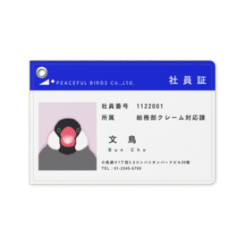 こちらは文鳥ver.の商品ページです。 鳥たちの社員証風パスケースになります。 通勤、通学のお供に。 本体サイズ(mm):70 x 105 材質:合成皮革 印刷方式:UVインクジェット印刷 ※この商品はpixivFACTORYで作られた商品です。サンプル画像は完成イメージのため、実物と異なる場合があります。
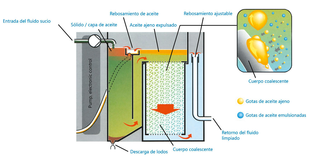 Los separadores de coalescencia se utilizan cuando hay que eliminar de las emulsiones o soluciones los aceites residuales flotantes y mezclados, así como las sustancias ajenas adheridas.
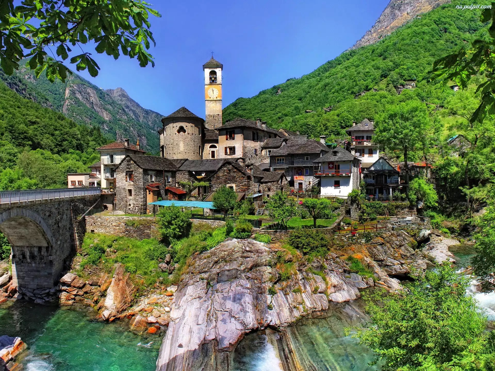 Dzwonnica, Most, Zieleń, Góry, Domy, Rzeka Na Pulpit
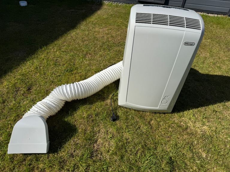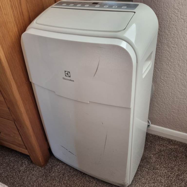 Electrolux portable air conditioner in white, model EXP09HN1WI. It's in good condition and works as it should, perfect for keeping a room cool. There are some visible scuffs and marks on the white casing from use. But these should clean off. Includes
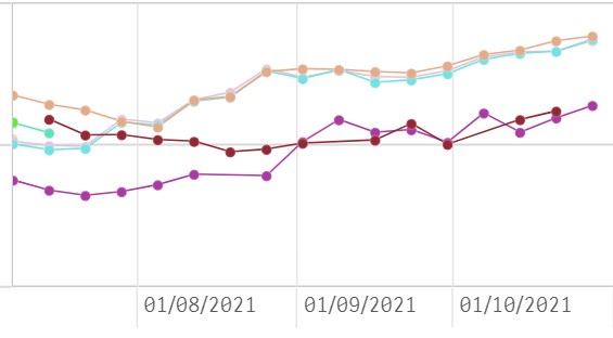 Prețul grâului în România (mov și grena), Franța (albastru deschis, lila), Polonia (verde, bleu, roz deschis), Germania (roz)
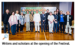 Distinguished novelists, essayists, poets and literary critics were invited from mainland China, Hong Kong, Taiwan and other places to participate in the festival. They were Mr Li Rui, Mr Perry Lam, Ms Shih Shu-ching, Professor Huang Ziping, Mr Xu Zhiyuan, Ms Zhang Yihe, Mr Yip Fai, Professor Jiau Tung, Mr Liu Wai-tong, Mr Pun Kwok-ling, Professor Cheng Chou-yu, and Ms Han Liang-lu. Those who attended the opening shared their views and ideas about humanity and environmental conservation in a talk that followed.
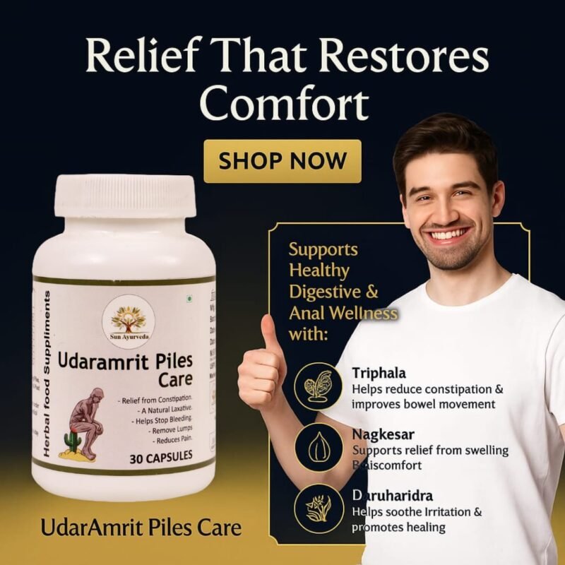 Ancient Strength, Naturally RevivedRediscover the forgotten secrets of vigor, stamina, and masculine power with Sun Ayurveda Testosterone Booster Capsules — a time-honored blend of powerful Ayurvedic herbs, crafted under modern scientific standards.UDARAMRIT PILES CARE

========================================

Work request:
Go through the records above and write out every line exactly, passing over the pictures.

Answer below:
 こちらは文鳥ver.の商品ページです。 鳥たちの社員証風パスケースになります。 通勤、通学のお供に。 本体サイズ(mm):70 x 105 材質:合成皮革 印刷方式:UVインクジェット印刷 ※この商品はpixivFACTORYで作られた商品です。サンプル画像は完成イメージのため、実物と異なる場合があります。
 Los separadores de coalescencia se utilizan cuando hay que eliminar de las emulsiones o soluciones los aceites residuales flotantes y mezclados, así como las sustancias ajenas adheridas.
 Dzwonnica, Most, Zieleń, Góry, Domy, Rzeka Na Pulpit
 Electrolux portable air conditioner in white, model EXP09HN1WI. It's in good condition and works as it should, perfect for keeping a room cool. There are some visible scuffs and marks on the white casing from use. But these should clean off. Includes
 Prețul grâului în România (mov și grena), Franța (albastru deschis, lila), Polonia (verde, bleu, roz deschis), Germania (roz)
 Distinguished novelists, essayists, poets and literary critics were invited from mainland China, Hong Kong, Taiwan and other places to participate in the festival. They were Mr Li Rui, Mr Perry Lam, Ms Shih Shu-ching, Professor Huang Ziping, Mr Xu Zhiyuan, Ms Zhang Yihe, Mr Yip Fai, Professor Jiau Tung, Mr Liu Wai-tong, Mr Pun Kwok-ling, Professor Cheng Chou-yu, and Ms Han Liang-lu. Those who attended the opening shared their views and ideas about humanity and environmental conservation in a talk that followed.
 Ancient Strength, Naturally RevivedRediscover the forgotten secrets of vigor, stamina, and masculine power with Sun Ayurveda Testosterone Booster Capsules — a time-honored blend of powerful Ayurvedic herbs, crafted under modern scientific standards.UDARAMRIT PILES CARE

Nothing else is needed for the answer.